Amsinck v. North

Per Curiam.

— There are three appeals in this action; First, from the order of Hr. justice Daly, on the 18th of Hay, 1880, denying a motion to set- aside a summons and complaint and order for examination of the defendants before trial herein; second, from the order of Hr. justice Daly, made on the first of June, 1880, denying a motion to vacate an order for discovery; and, third, from the order of Hr. justice Van Hoesen, of the 30th of July, 1880, denying a motion to vacate and set aside an order granting an examination of the defendants before trial.

It is suificient to say, as to the first appeal, so far as the same is an appeal from the order denying the motion to set aside the summons and complaint upon the ground that no *116specific persons are named as plaintiffs or defendants, that the said order was properly made, because any such objection to the summons and complaint had been waived by the answer of the defendants, and also by the delay of the defendants in moving therefor.

As to so much of said order as appears to have denied a motion to set aside the order for examination of the defendants before trial, it was properly denied, because it appears by an order dated April 5, 1880, that a similar motion'had been made before judge Larremore and denied, and no appeal was ever taken from said order and no leave to renew such motion was ever given.

For the same reason the third appeal- above mentioned — namely, that from the order of the thirtieth of July—is not well taken. The order of Hr. justice Larremore, of the 2d. of April, 1880, was conclusive upon the parties to this action as to the order for examination, until it had been reversed or some leave to renew the application to vacate the order had been granted.

It is urged upon the appeal from the order denying the motion to vacate the order of discovery, that the facts presented by the papers in this action do not bring the case within the rules authorizing the discovery, and the claim is made that no discovery can be ordered, except in the cases mentioned in subdivisions 1 and 2 of rule 14 of the supreme court rules. By section 803 of the Code, it is provided that a court of record has power to compel a party to an action pending therein to produce and discover, &c., any book, document or other paper in his possession or under his control, relating to the merits of the action or of the defense therein. Section 804 provides that the general rules of practice must prescribe the cases in which discovery or inspection may be compelled, and the proceedings for that purpose, where the same are not prescribed in this act. The Code presents, as has been above stated, certain cases in which a discovery may be had — namely, where the book, document or other paper *117desired to be discovered relates to the merits of the action or of the defense therein. Sections 805, 806, 807 and 808, prescribe the proceedings which are to be taken under section 803, and it-is to be observed that section 804 simply authorizes that the general rules of practice must prescribe the cases and the proceedings where the same — namely, the cases and proceedings — are not prescribed in this act. In other words, the general rules of practice may enlarge section 803, and the other sections above named, but they have no power to restrict the operations of those sections.

It is claimed that the language of section 803 is so general that it leaves nothing, if the above construction is correct, for the general rules of practice to prescribe.

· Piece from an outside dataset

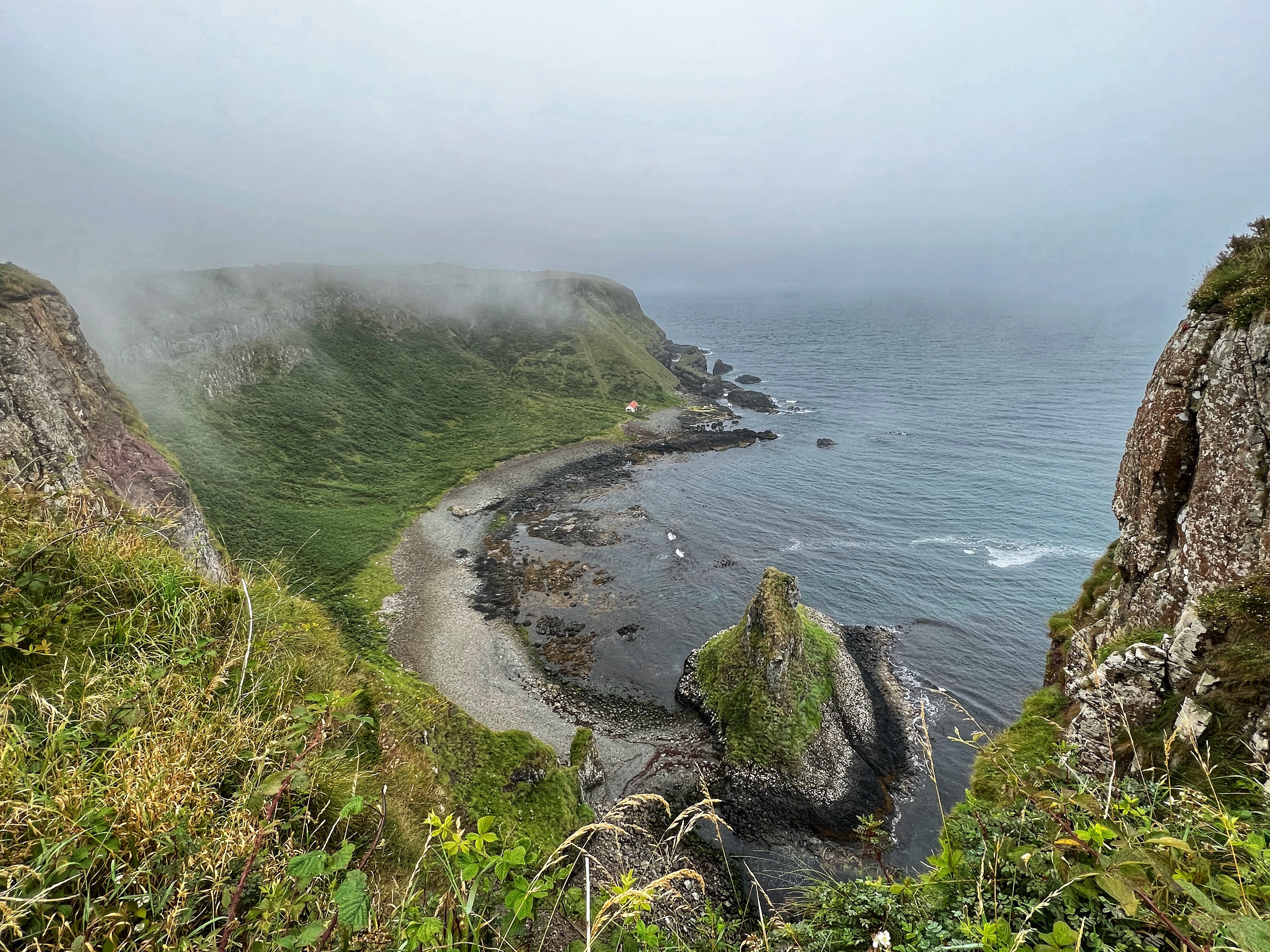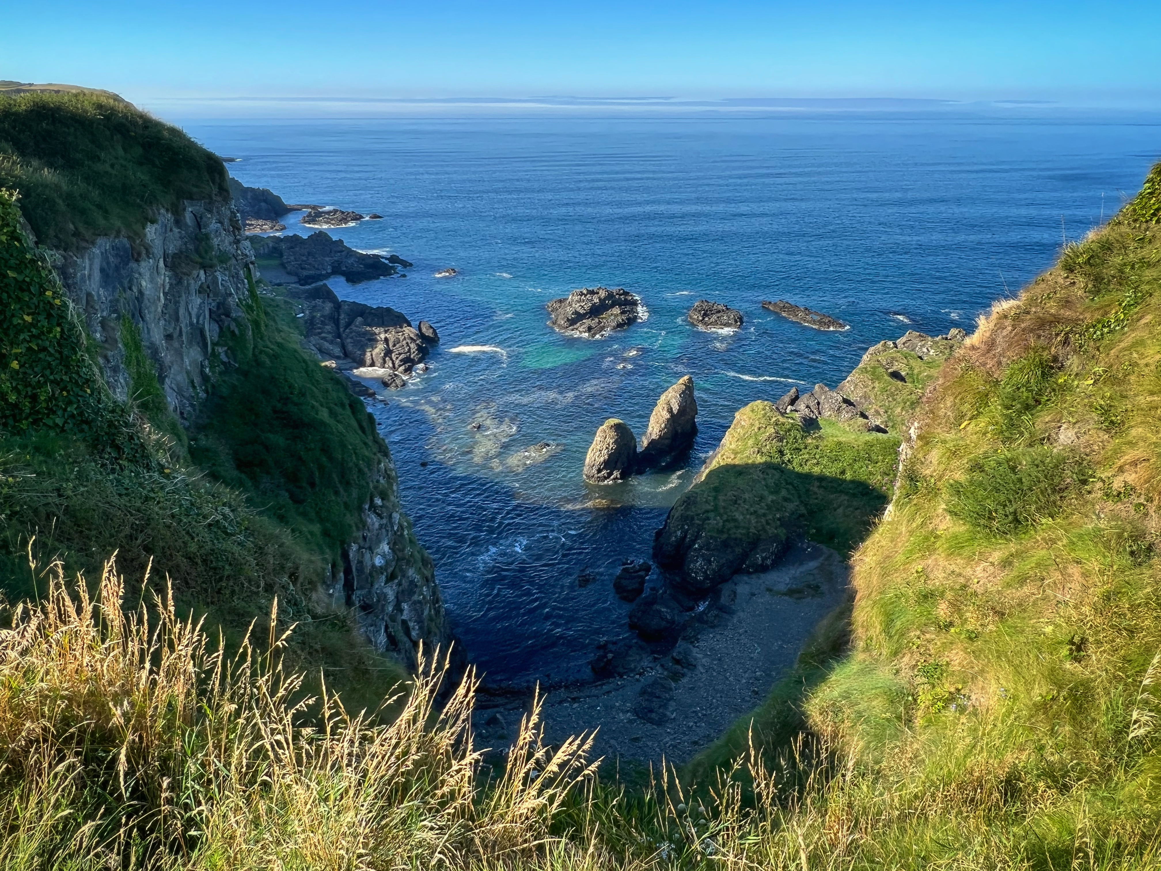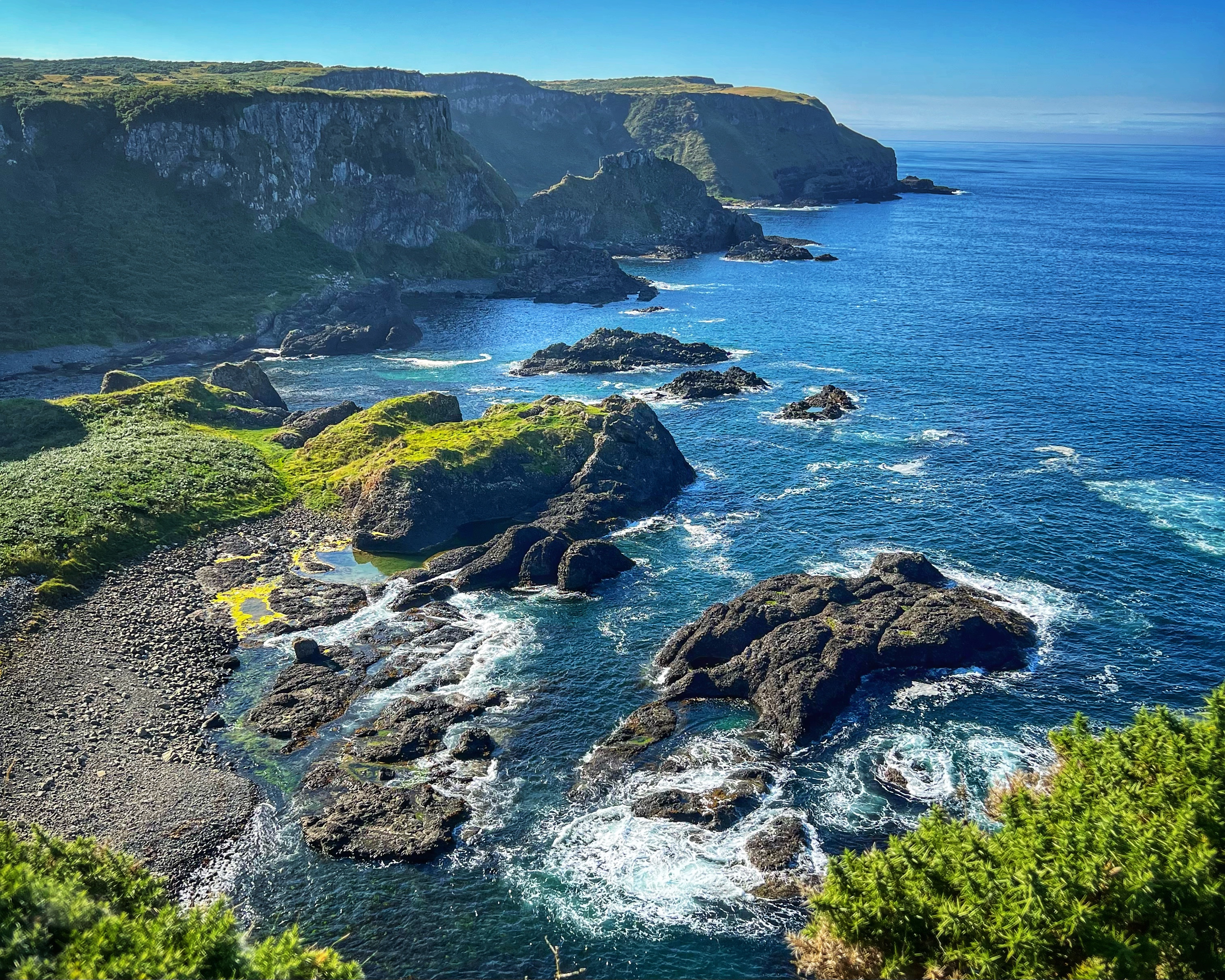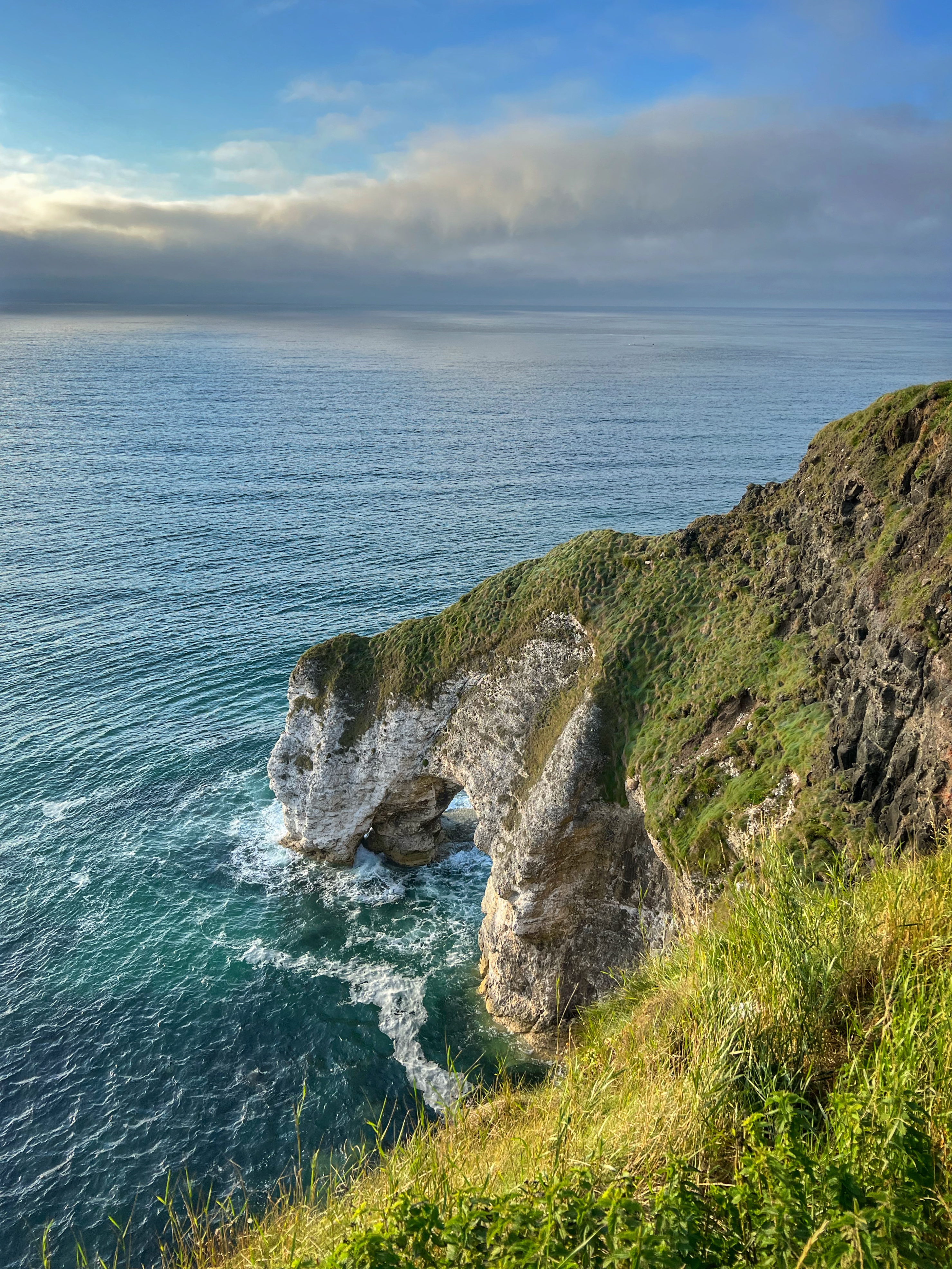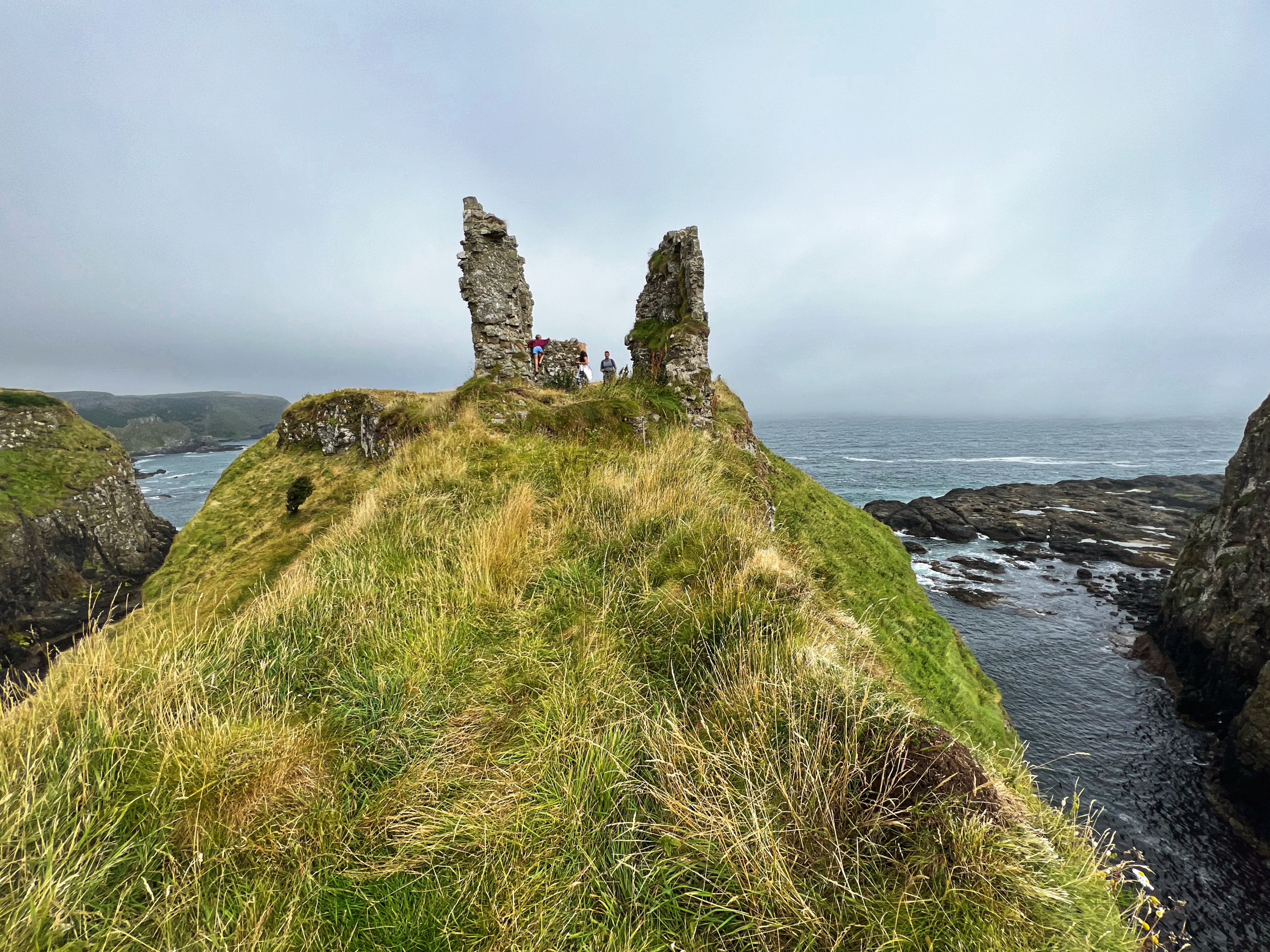 Our destination for the rest of the day was the Causeway Coast, including Giant’s Causeway, Bushmills, Carrick-a-Rede rope bridge area and Larrybane Quarry. This was another record breaking day for steps on the smartwatch, and every single one was beautiful. We wanted to hike the causeway coast instead of just heading straight to Giant’s Causeway’s infamous honeycombs, so we parked at Dunseverick castle ruins (a small pullout car park near a house with the nicest lady we made friends with) and hiked about 2 hours west to the Giant’s Causeway. This turned out to be a perfect plan, as the entire coast was socked in with fog until noon time, which was exactly when we arrived at Giant’s Causeway. It was amazing to see the blue skies emerge and made it all worthwhile, even with the mid day crowds.

If that interpretation is necessary, it will have to prevail, because the general rules of practice are expressly prohibited from operating upon those cases.

The enactment, in the supreme court rules, of subdivision 3 of the rule 14, is a mere recognition upon the part of the convention of judges that they had no right whatever to interfere with the provisions of the sections which we have mentioned. It therefore follows that, if the petition upon which the order for discovery was granted shows the jurisdictional facts, the order must be affirmed.

The petitioner in this case alleges upon information and belief that the defendants have in their possession one or more letters, and copies of one or more letters, bills of lading or receipts relating to the goods mentioned in the complaint in this action, also a bill of account of the goods, also books of account kept by the defendants’ firm containing entries relating to the ordering, purchase and delivery of said goods. The petitioners also allege that said books and papers relate to the merits of this action and that the petitioners will be unable to prepare properly the case for trial without the discovery and inspection of those books and papers.

The possession by the defendants of these books and papers, in view of their failure to make any answer whatever to this *118application denying such possession, must be presumed, and such papers, if they do exist, would necessarily relate to the merits of the action.

Since the above was written our attention has been called to the point that the order to show cause why the order for an examination before trial should not be set aside upon the return of which the order appealed from was made, was granted .by the same judge who made the order of April 15, 1880.

We do not think that this order of itself amounts to leave to renew. There should be some indication contained in the order to show cause that it was the intention of the court to give leave to renew the motion.

In this county orders to show cause have unfortunately apparently become so much a matter of course that it would be entirely unsafe to predicate any judicial action upon the fact that one had been granted.

Under these circumstances it would appear that the judge acquired jurisdiction to grant the order of discovery, and such order should not be interfered with upon appeal.